Metabolic rewiring underlies macrophage effector functions, but the mechanisms involved remain incompletely defined. Here, using unbiased metabolomics and stable isotope-assisted tracing, we show induction of an inflammatory aspartate-argininosuccinate shunt following LPS stimulation. The shunt, supported by increased ASS1 expression, also leads to increased cytosolic fumarate levels and fumarate-mediated protein succination. Pharmacologic inhibition and genetic ablation of the TCA cycle enzyme FH further elevates intracellular fumarate levels, suppresses mitochondrial respiration, and increases mitochondrial membrane potential. RNA sequencing and proteomic analysis demonstrate profound inflammatory effects resulting from FH inhibition. Of note, acute FH inhibition suppresses IL-10 expression leading to increased TNF-α secretion, an effect recapitulated by fumarate esters. Unexpectedly, FH inhibition, but not fumarate esters, also increases IFN-β production through mechanisms that are driven by mitochondrial RNA (mtRNA) release and activation of the RNA sensors TLR7 and RIG-I/MDA5. This effect is recapitulated endogenously when FH is suppressed following prolonged LPS stimulation. Furthermore, cells from SLE patients also exhibit FH suppression, indicating a potential pathogenic role for this process in human disease. We therefore identify a protective role for FH in maintaining appropriate macrophage cytokine and interferon responses.

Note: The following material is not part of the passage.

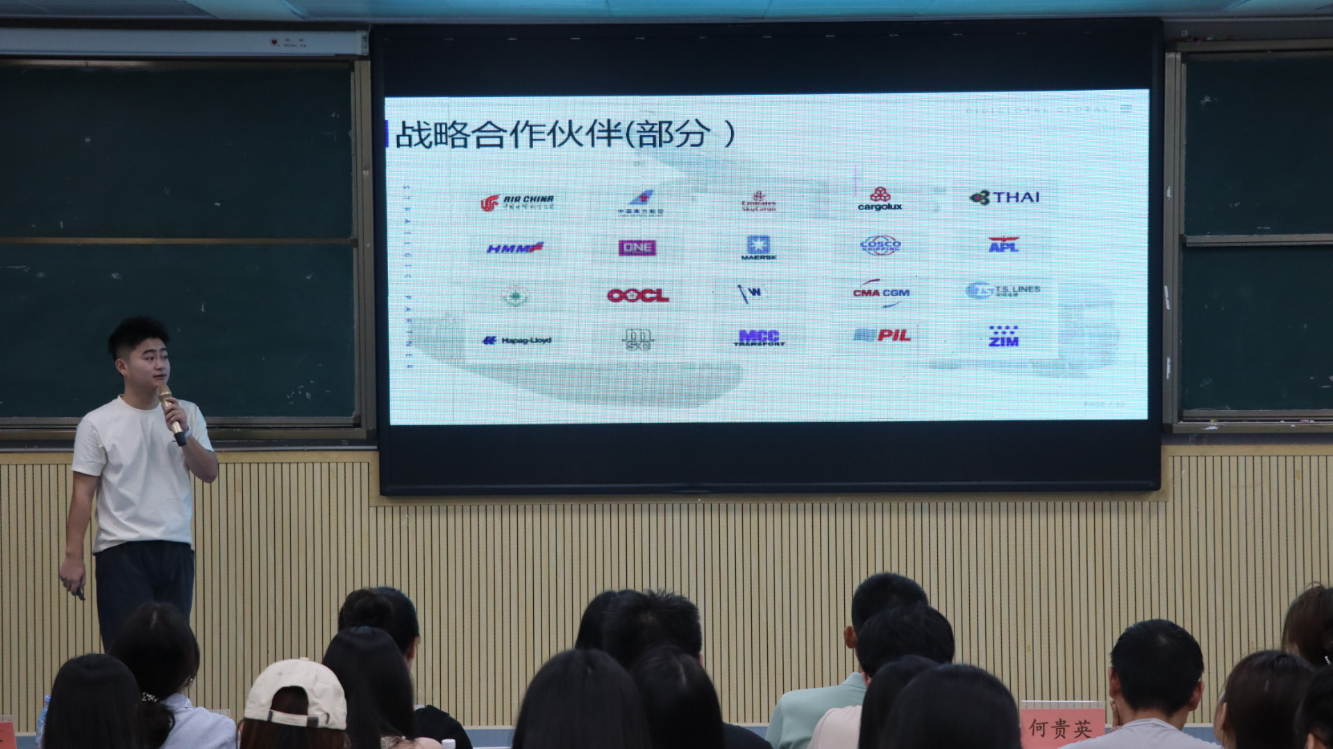 随后的招聘宣讲环节,迪迪国际物流国内销售部经理麦佳鑫全面介绍了公司的发展历程、主营业务及行业领先优势,重点解读了校招流程、薪酬福利与晋升机制。详实的讲解让在场毕业生对企业有了清晰认知,为后续求职做好准备。在校友分享环节,2025届国贸专业毕业生、现任迪迪国际物流海外业务负责人的郭服婷学姐现身。她提到,去年被迪迪“惜才爱才”的氛围吸引入职,公司为新人提供海外业务全流程培养,还给予独立对接客户、拓展资源的机会。凭借这些支持,她入职两年内就从职场新人成长为海外业务负责人,期间独立完成过多项跨境物流业务的方案设计与落地。她建议学弟学妹,“先就业再择业”很重要,迪迪开放的发展环境能助力快速成长,要主动抓住优质平台机会。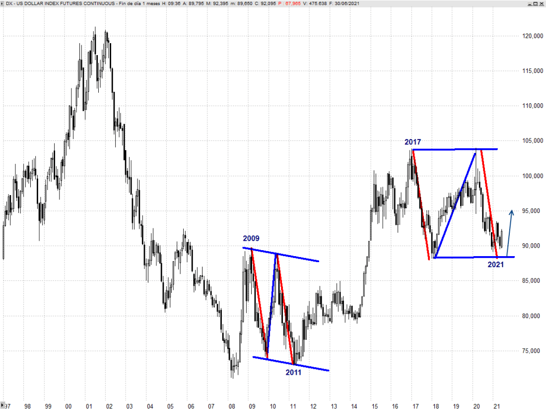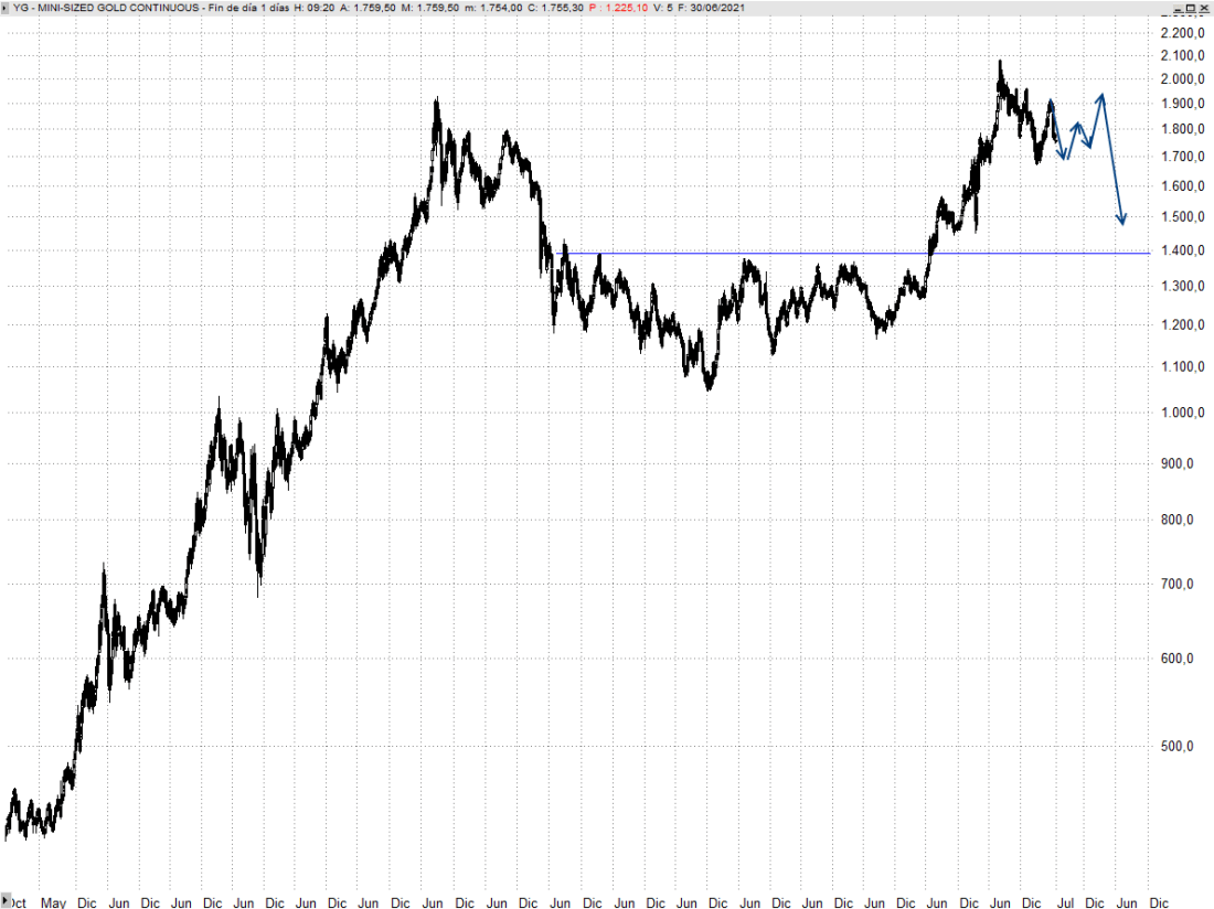 Así se está demostrando este mes de junio con una potente envolvente bajista mensual que amenaza la reanudación de su tendencia a plazos largos. Lo más probable es que el metal dorado se dirija a poner a prueba los mínimos de marzo, los 1.700/1.670 dólares, desde donde podría volver a aparecer interés comprador y formar un nuevo rebote que se dirija a atacar la zona de los 1.960 dólares, pero seguiríamos sin confiar en la reanudación de la tendencia.

Data from this study that is included in this Dryad submission is as follows:

1. RNA sequencing of non-stimulated (with vehicle DMSO) or lipopolysaccaharide-stimulated (4 h) murine bone marrow-derived macrophages (BMDMs) pre-treated with vehicle (DMSO), 20 micromolar fumarate hydratase inhibitor 1 (FHIN1) or 25 micromolar dimethylfumarate (DMF) for 3 h. Three biological replicates per condition.

2. Label-free proteomics of lipopolysaccaharide-stimulated (4 h) murine bone marrow-derived macrophages (BMDMs) pre-treated with vehicle (DMSO), 20 micromolar fumarate hydratase inhibitor 1 (FHIN1) or 25 micromolar dimethylfumarate (DMF) for 3 h. Five biological replicates per condition. 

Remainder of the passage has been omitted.